King of Rhos in the mid-5th century

Owain Danwyn (fl. 440) was a king of Rhos in Gwynedd, northwestern Wales, in the mid-5th century. He was the son of Einion Yrth ap Cunedda and the father of Cynlas Goch, probably the Cuneglasus excoriated by Gildas. Very little is known of his life. Graham Phillips and Martin Keatman proposed a theory that he was the historical figure behind the legend of King Arthur.

== History ==
Owain Danwyn (Old Welsh Dantguin, also spelled Ddanwyn, Ddantgwyn, etc., meaning "White Tooth"), is known from several medieval genealogies of the kings of Rhos.
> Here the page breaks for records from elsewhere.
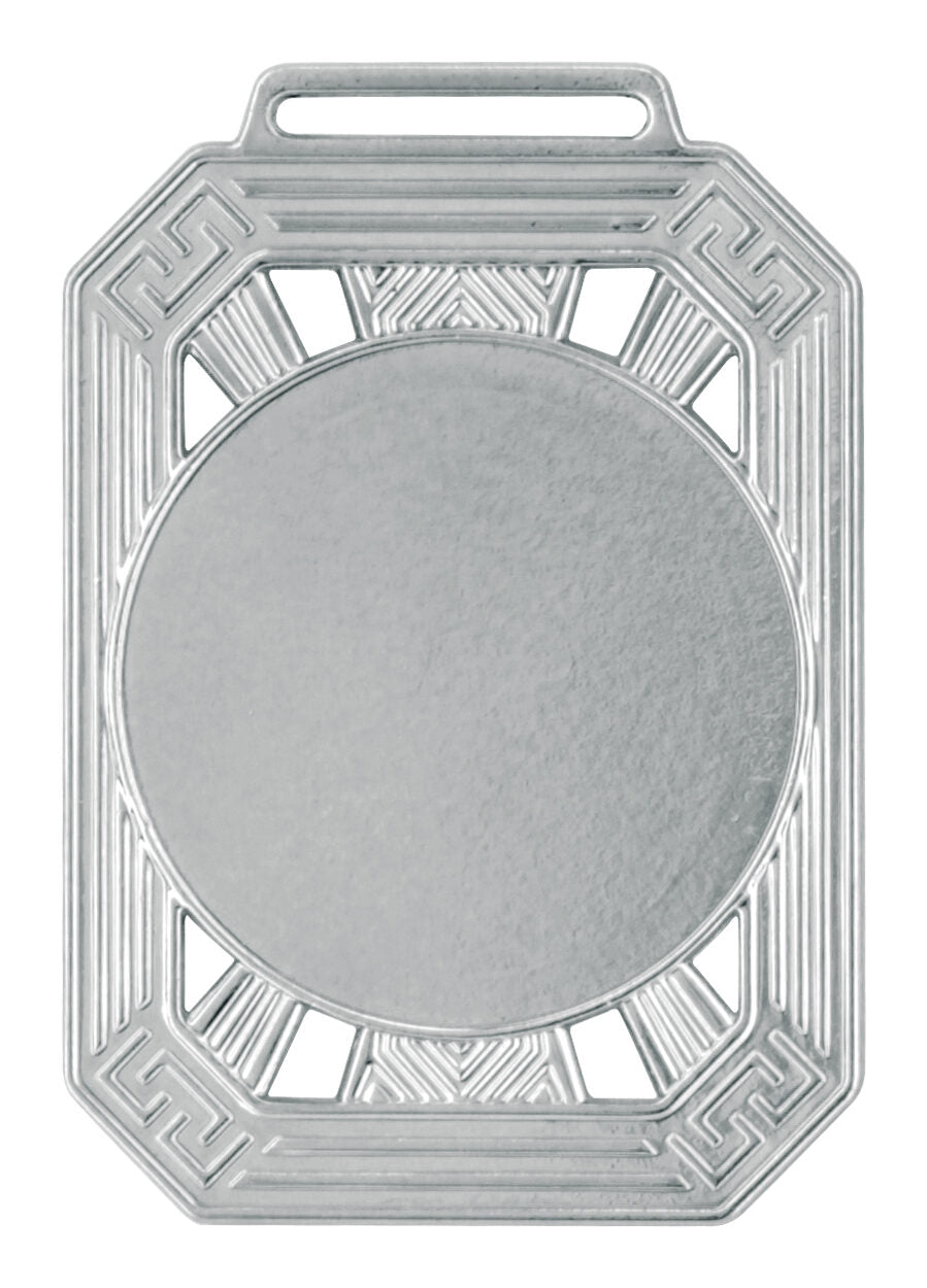Medalha retangular com as medidas de 85 mm X 60 mm,
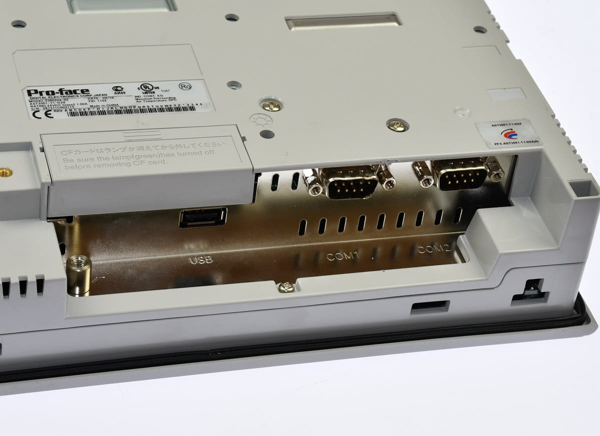 Używany, całkowicie sprawny element o symbolu: 3580208-02, AST3501-T1-D24, produkt firmy PRO-FACE. Duży - 10,4'', kolorowy panel dotykowy HMI. Zdemontowany ze sprawnej maszyny produkującej elektronikę w pomieszczeniu Clean-room. Posiada jedno wgniecenie obudowy oraz zgięte nieznacznie złącze COM1 - oba te mankamenty zaznaczyliśmy na zdjęciach Nr 4 i 6. Po za tym obraz idealny, działanie dotyku idealne.
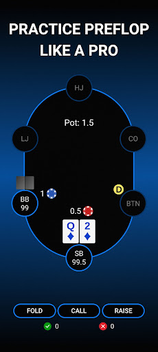 边玩边学!扑克训练器提供五项训练,助您精通扑克,无论您是新手还是老手。我们的扑克模拟器可帮助您提升牌技,建立自信,赢得更多!五项训练专为您量身定制,助您学习扑克。<br><br>训练模块:<br>- 翻牌前:像职业选手一样,使用 GTO 范围练习翻牌前,或自定义您自己的范围。<br>- 翻牌后:通过实时胜率计算提升牌局阅读能力。<br>- 牌型排名:成为快速识别和判断牌力的专家!<br>- 最佳牌型:学习如何从三手牌中挑选最佳牌型,并确定胜负!<br>- 赔率:学习计算和掌握赔率,赢得更多!<br><br>为什么选择扑克训练器应用?<br>- 离线练习:随时随地训练。<br>- 等级提升:通过等级提升来追踪您的进步。<br>- 游戏模式:测试您的技能,像 GTO 专家一样力争高分。<br>- 即时反馈:回顾错误并从中学习。<br>- 翻牌前数据:找出漏洞,并练习解决问题的点。<br>- 免费教程:免费课程,快速学习。<br><br>随时随地的扑克工具:<br>- 赔率计算器:查看您对抗对手牌型或范围的胜率。<br>- 范围查看器:探索简单范围和 GTO 范围,或创建您自己的范围。<br><br>随时随地训练——线上线下皆可!加入成千上万的玩家,像巫师一样训练和掌握 GTO。立即开始!<br><br>注意:扑克训练器纯粹是教育性质的,不提供在线或真钱游戏。欲了解更多信息,请访问 www.pokertrainer.se。

Most of these concur that he was the son of Einion Yrth ap Cunedda and grandson of Cunedda, founder of the Gwynedd dynasty in North Wales. His brother was Cadwallon Lawhir ap Einion, known from the Gwynedd pedigrees. Owain was the father of Cynlas Goch, who is identified with the prince named Cuneglasus who Gildas castigated for his various sins in De Excidio et Conquestu Britanniae. According to the Bonedd y Saint, a genealogy of British saints, Owain was also the father of the saints Einion Frenin, Seiriol and Meirion, and in some versions, Hawystl Gloff.

According to Gildas, Maelgwn, the son of Owain's brother Cadwallon, took the throne of Gwynedd by murdering an uncle. Peter Bartrum suggests this may have been Owain, though he notes that Gildas' term avunculus typically refers to a maternal uncle.

== Arthurian identification ==
Writers Graham Phillips and Martin Keatman proposed that Owain Danwyn was the historical basis for the legendary King Arthur. This theory is based partly on their interpretation of the British power structure in the 5th century and interpretations of names and epithets associated with Owain's family. According to Phillips and Keatman, "Arthur" was Owain's honorific title, meaning "Bear", and his capital was Viroconium in Shropshire, England.

Charles T. Wood commented that their thesis lacked conclusive proof but noted that their book was "always accurate in its use of sources and seldom wildly farfetched in the conclusions it draws". Rodney Castleden criticized the assumptions Phillips and Keatman based their conclusions on.